● **What is expected**
The response should repeat word for word every line below from the one with "阿坝州红原县林业和草原局工作" to the one with "同仁倶楽部 38 生成AIのエンコーダー、デコーダーにそのような機能は", inclusive, and nothing else; leave pictures out.

● **Available data**
**********

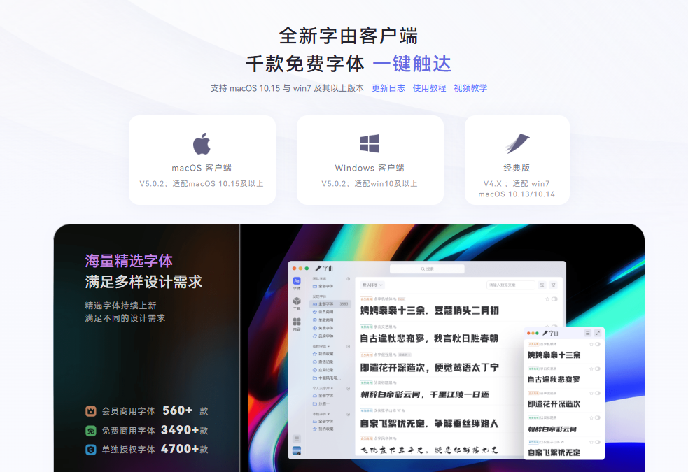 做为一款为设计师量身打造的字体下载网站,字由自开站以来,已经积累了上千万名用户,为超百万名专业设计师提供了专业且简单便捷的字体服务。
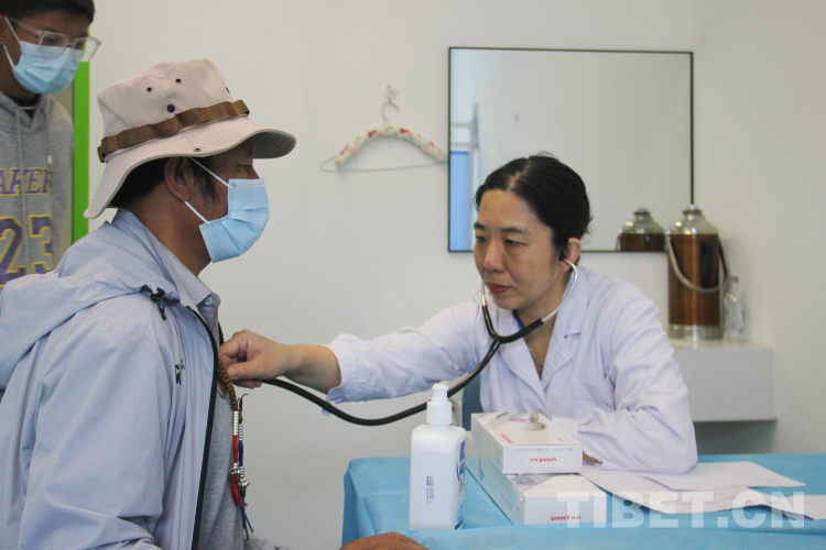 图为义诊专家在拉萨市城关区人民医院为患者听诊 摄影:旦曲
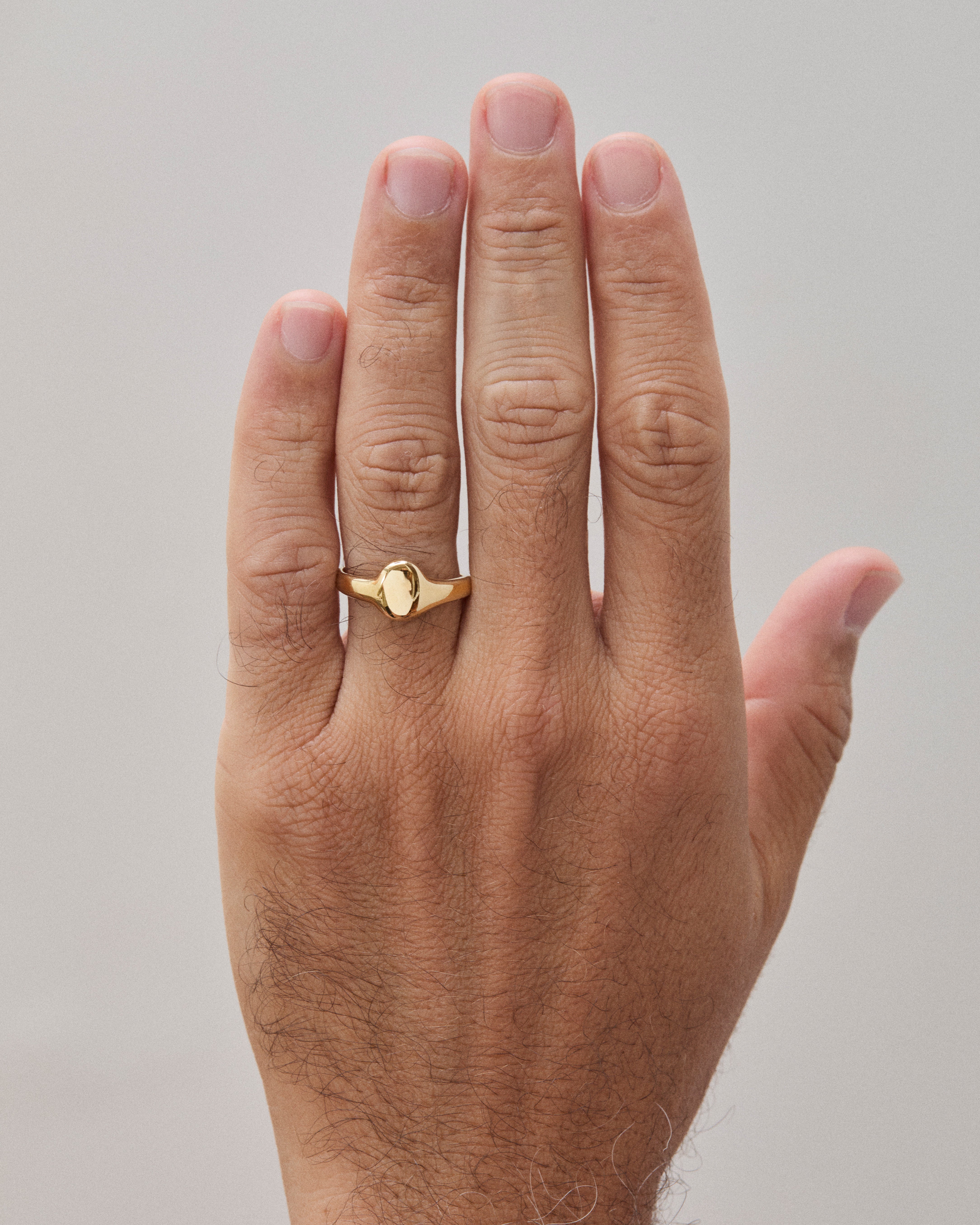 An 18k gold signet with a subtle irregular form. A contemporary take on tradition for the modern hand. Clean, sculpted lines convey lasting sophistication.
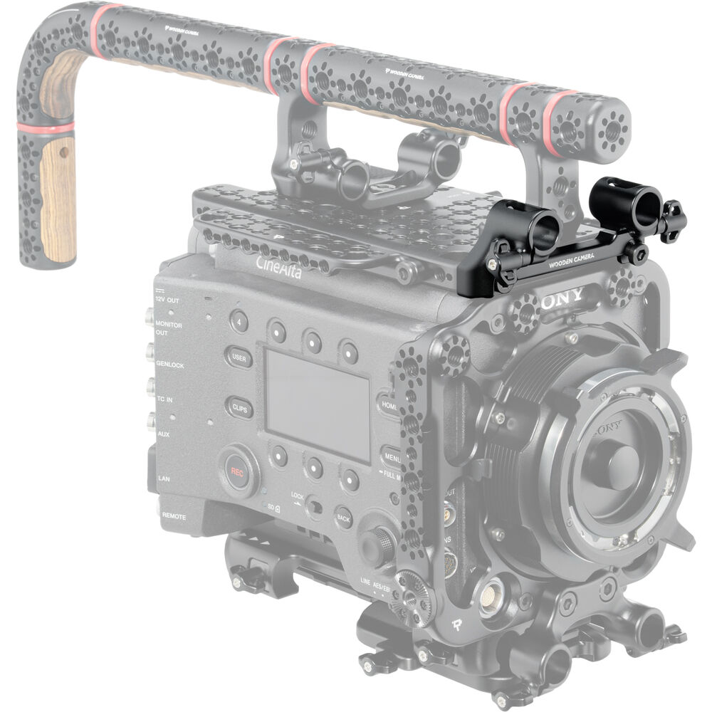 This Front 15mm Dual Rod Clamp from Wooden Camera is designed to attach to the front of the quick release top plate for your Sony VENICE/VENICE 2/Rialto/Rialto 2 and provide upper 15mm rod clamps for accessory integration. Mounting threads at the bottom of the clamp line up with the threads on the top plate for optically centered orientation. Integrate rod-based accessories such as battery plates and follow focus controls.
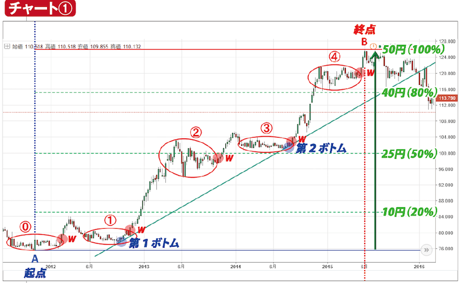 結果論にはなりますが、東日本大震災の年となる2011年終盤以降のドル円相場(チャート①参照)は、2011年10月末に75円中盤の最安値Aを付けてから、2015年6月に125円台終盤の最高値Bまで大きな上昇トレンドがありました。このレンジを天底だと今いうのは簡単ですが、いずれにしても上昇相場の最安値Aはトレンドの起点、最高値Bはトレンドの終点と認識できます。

**********

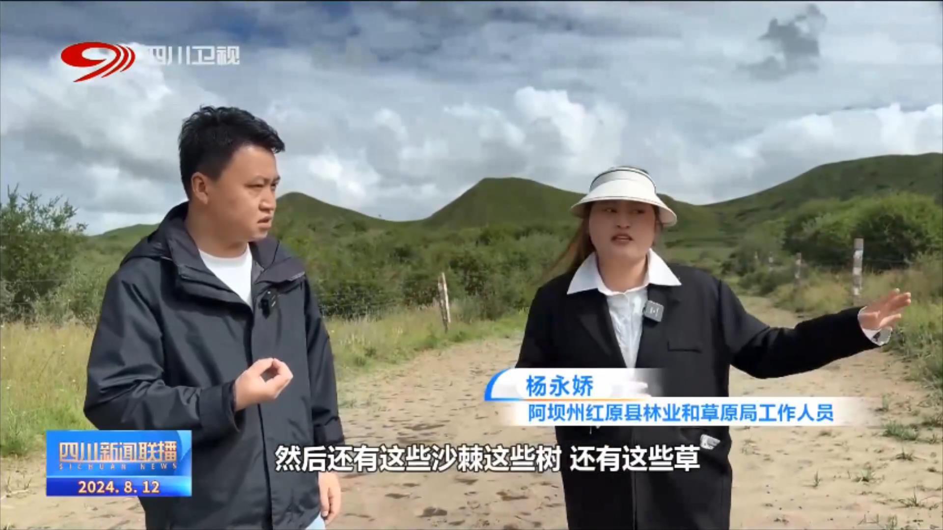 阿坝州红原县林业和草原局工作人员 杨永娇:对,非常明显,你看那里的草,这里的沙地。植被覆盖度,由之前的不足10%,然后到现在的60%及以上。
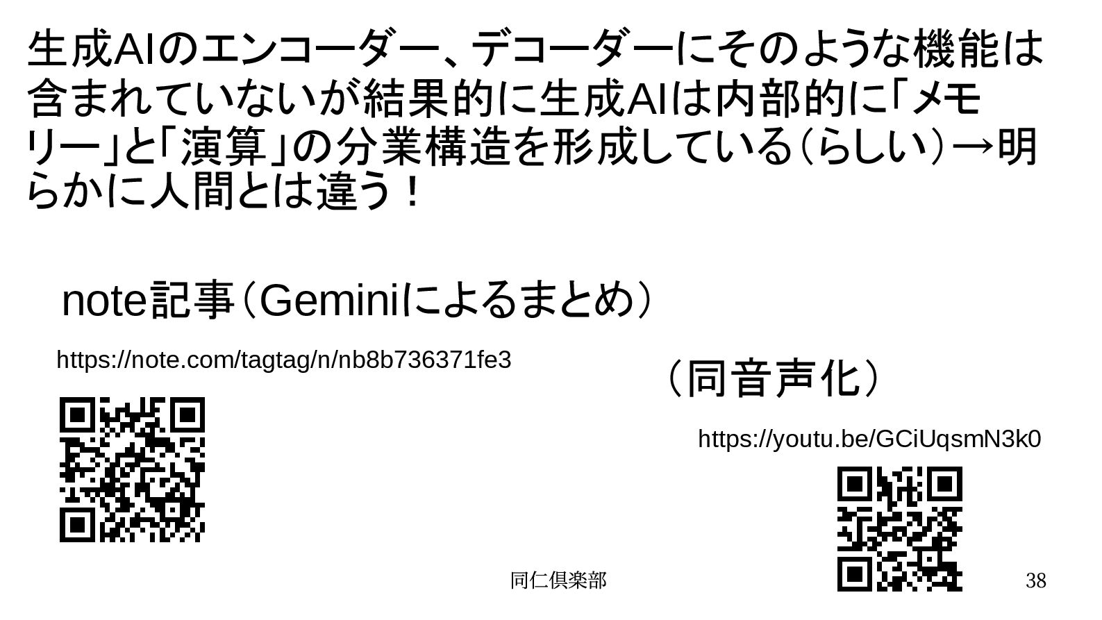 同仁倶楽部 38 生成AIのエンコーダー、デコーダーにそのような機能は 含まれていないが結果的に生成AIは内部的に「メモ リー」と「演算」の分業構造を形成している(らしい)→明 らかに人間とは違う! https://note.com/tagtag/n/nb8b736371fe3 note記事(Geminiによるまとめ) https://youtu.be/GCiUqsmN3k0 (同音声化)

**********

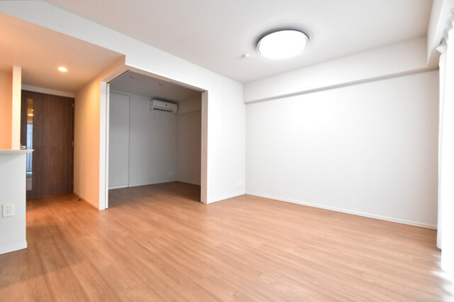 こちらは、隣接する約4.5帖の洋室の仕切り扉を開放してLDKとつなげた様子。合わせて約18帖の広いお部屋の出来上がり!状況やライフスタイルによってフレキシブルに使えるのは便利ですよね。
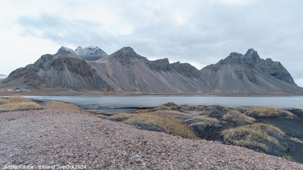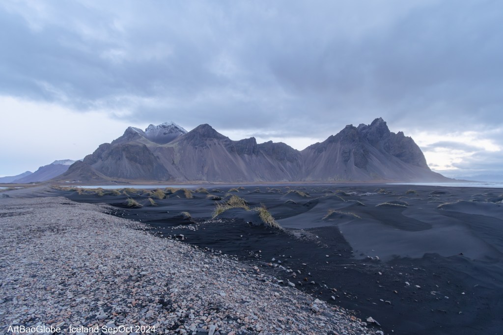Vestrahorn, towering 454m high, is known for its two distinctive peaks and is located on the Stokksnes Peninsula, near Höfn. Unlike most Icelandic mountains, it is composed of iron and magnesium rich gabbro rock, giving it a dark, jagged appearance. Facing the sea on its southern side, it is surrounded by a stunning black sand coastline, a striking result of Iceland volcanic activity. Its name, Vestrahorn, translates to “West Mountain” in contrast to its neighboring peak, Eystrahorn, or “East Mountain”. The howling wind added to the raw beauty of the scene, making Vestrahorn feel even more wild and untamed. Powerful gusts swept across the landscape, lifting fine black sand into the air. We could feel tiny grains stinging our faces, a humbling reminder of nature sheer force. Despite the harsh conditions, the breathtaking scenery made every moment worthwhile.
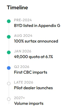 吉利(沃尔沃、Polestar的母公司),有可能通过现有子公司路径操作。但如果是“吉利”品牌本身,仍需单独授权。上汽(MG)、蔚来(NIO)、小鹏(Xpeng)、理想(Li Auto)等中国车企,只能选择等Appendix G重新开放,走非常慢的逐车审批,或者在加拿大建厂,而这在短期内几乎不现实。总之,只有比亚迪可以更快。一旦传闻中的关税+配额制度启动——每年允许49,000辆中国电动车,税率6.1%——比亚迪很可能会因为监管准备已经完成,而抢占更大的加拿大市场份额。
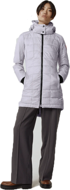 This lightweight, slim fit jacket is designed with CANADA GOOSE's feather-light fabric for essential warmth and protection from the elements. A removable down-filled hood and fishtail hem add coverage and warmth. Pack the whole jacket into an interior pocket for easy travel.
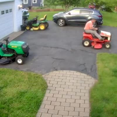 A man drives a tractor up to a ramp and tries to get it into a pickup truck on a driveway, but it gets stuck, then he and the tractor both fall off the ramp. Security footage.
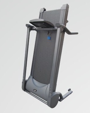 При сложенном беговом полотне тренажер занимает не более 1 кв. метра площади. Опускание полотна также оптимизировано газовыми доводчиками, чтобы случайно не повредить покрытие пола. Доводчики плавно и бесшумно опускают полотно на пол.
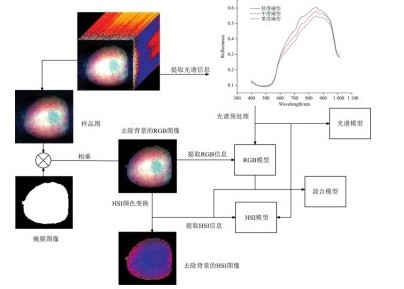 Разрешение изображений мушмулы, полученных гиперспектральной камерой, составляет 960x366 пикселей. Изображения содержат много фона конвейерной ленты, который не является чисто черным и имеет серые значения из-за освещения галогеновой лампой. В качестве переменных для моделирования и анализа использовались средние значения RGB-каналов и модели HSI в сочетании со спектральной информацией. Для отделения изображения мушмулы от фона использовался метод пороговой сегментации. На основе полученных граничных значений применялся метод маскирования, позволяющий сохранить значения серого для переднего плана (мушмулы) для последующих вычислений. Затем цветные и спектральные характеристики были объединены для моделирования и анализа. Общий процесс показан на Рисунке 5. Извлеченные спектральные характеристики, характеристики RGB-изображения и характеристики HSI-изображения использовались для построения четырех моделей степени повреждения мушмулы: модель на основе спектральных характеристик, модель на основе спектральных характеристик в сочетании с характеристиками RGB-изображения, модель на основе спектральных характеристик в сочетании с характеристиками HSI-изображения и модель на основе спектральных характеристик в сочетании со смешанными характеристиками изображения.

**********

● **Solution to this exercise**
 阿坝州红原县林业和草原局工作人员 杨永娇:对,非常明显,你看那里的草,这里的沙地。植被覆盖度,由之前的不足10%,然后到现在的60%及以上。
 同仁倶楽部 38 生成AIのエンコーダー、デコーダーにそのような機能は 含まれていないが結果的に生成AIは内部的に「メモ リー」と「演算」の分業構造を形成している(らしい)→明 らかに人間とは違う! https://note.com/tagtag/n/nb8b736371fe3 note記事(Geminiによるまとめ) https://youtu.be/GCiUqsmN3k0 (同音声化)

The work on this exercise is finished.